Gene editing successfully lowers monkey cholesterol levels
In one of the first examples of gene-editing technology being effectively used to knock out the expression of a gene in non-human primates, researchers from the University of Pennsylvania have lowered the blood cholesterol in monkeys by disabling a single gene in the liver. The successful experiments pave the way for future human trials in five to 10 years.
The target of the research is a well-known protein called PCSK9. A great deal of prior study has established that PCSK9 is a protein that inhibits the liver's ability to remove harmful cholesterol. Several drugs have been developed to inhibit the activity of PCSK9 but they are expensive and not consistently effective.
So some scientists have been investigating ways of genetically inhibiting PCSK9. This new study is the first to show effective reduction of PCSK9 in the liver through gene editing in a non-human primate. Rather than the more popular and recent CRISPR gene-editing technique, the study used a slightly older and different technique called meganuclease-based gene-editing.
Identified in the 1990s, meganucleases are enzymes that can be engineered for precision gene editing. In the case of this experiment the enzyme was engineered to inactivate the PCSK9 gene and was delivered to the liver by a harmless adeno-associated virus. The results were impressive, with the rhesus macaque monkeys showing between 45 and 84 percent reductions in PCSK9 levels, and associated cholesterol levels dropping by up to 60 percent. Analysis of liver tissue found effective mutations in 40 to 65 percent of PCSK9 genes.
"Our initial work with several delivery and editing approaches produced the most impressive data in non-human primates when we paired AAV for delivery with the engineered meganuclease for editing," says James Wilson, senior author on the new study.

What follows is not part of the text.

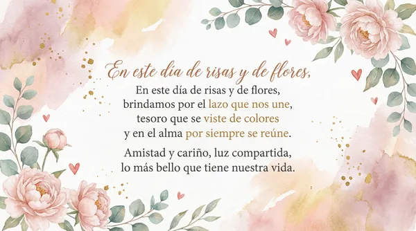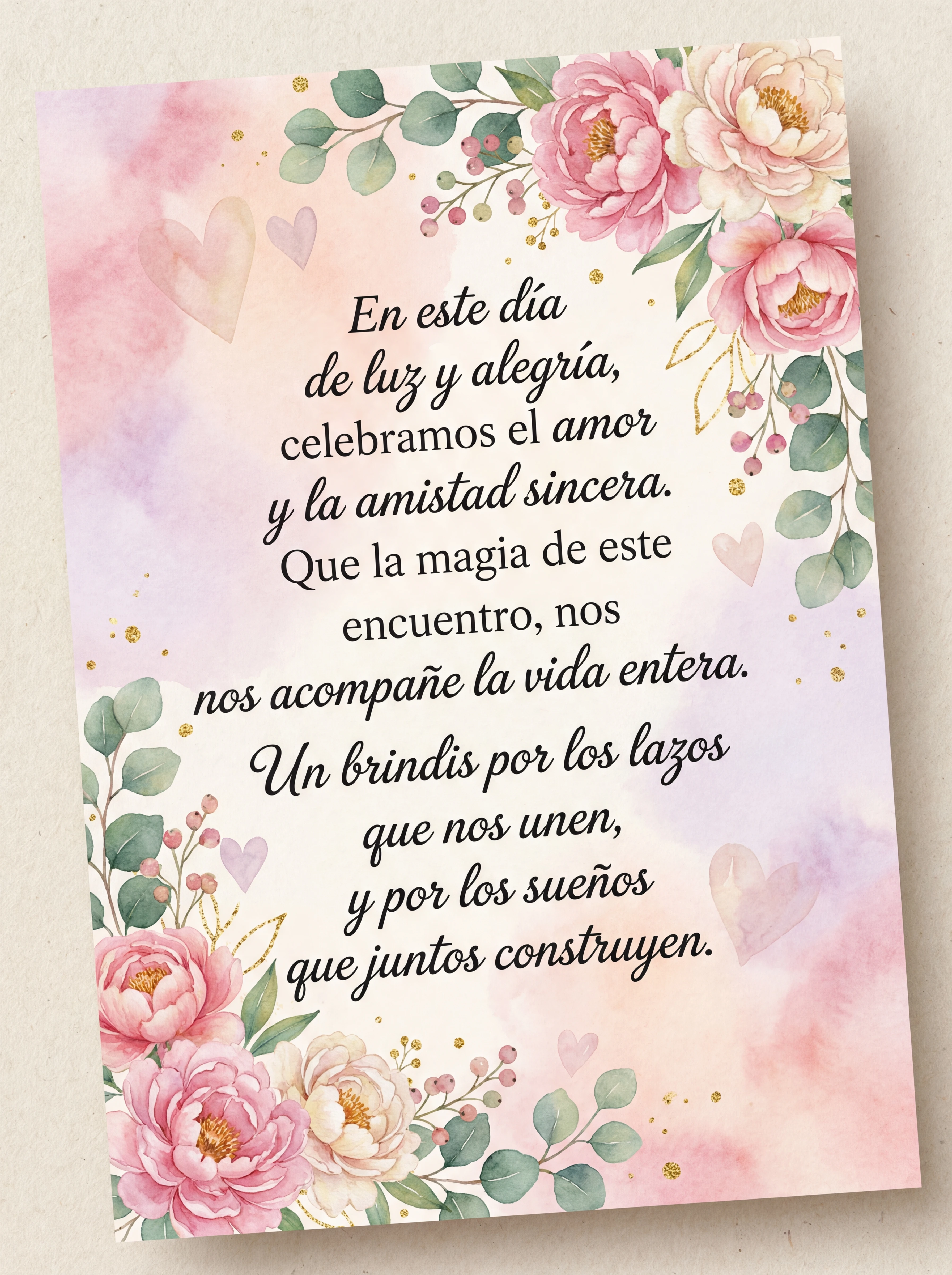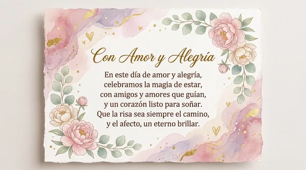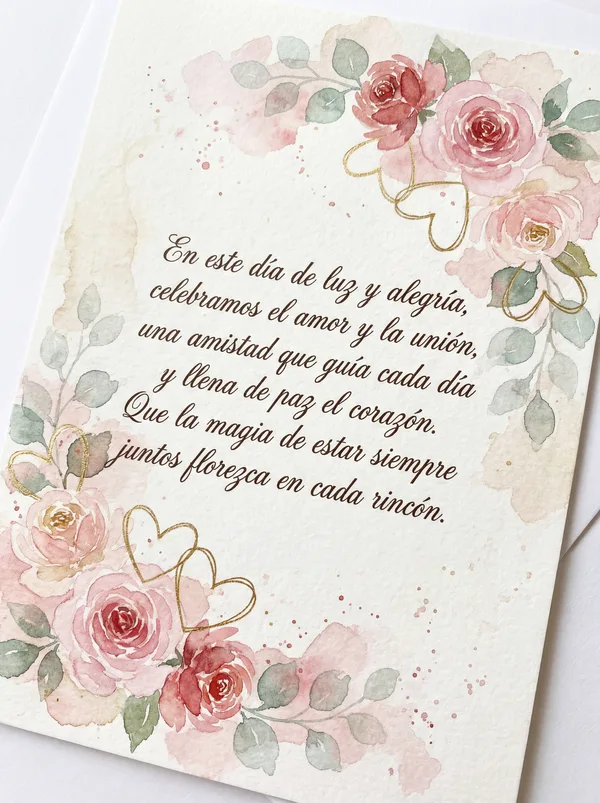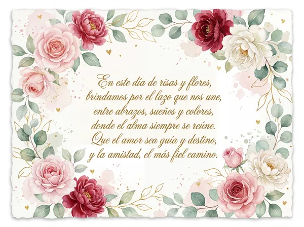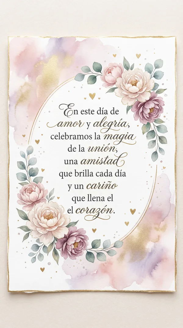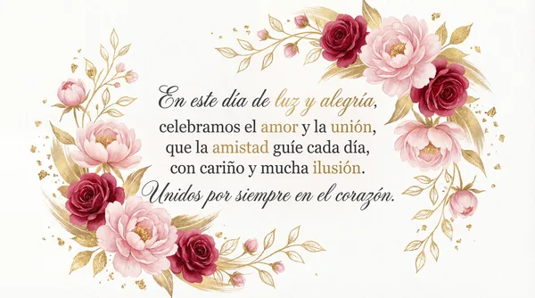 En este día de luz y alegría, celebramos el amor y la amistad sincera. Que la magia de este encuentro, nos acompañe la vida entera. Un brindis por los lazos que nos unen, y por los sueños que juntos construyen.

Several other research teams have also been working to switch off PCSK9 genes as a potential treatment for heart disease, and there have been successful experiments using the CRISPR gene-editing technique to silence PCSK9 in mouse models. The team at UPenn was unable to successfully replicate these results in primates, which led them to experimenting with the meganuclease gene-editing method.
The experiments were not without unwanted side effects, though. The researchers report the treatment triggering a rise in liver enzymes, suggesting a degree of immune response to the treatment. This is not entirely unexpected but may suggest multiple treatments could results in the body developing amore heightened immune response. Some off-target genetic cuts were also identified that have the potential to lead to the development of cancers.
It is obviously still very early in the development of these treatments and the researchers suggest further refinement certainly needs to be done before human trials are considered. Lili Wang, one of the authors on the study, thinks the work is about five to 10 years away from human testing.
"First, we have to make many improvements and thoroughly evaluate and characterize this technology in large animal models to ensure both safety and efficacy," says Wang.
However, the team is confident that this approach could lead to a promising treatment for patients suffering from more extreme and life-threatening forms of heart disease. Permanently editing out a gene to help reduce cholesterol levels seems to be a promising future treatment for cardiovascular disease, but it certainly looks to be at least 10 or 20 years away from real-world clinical use.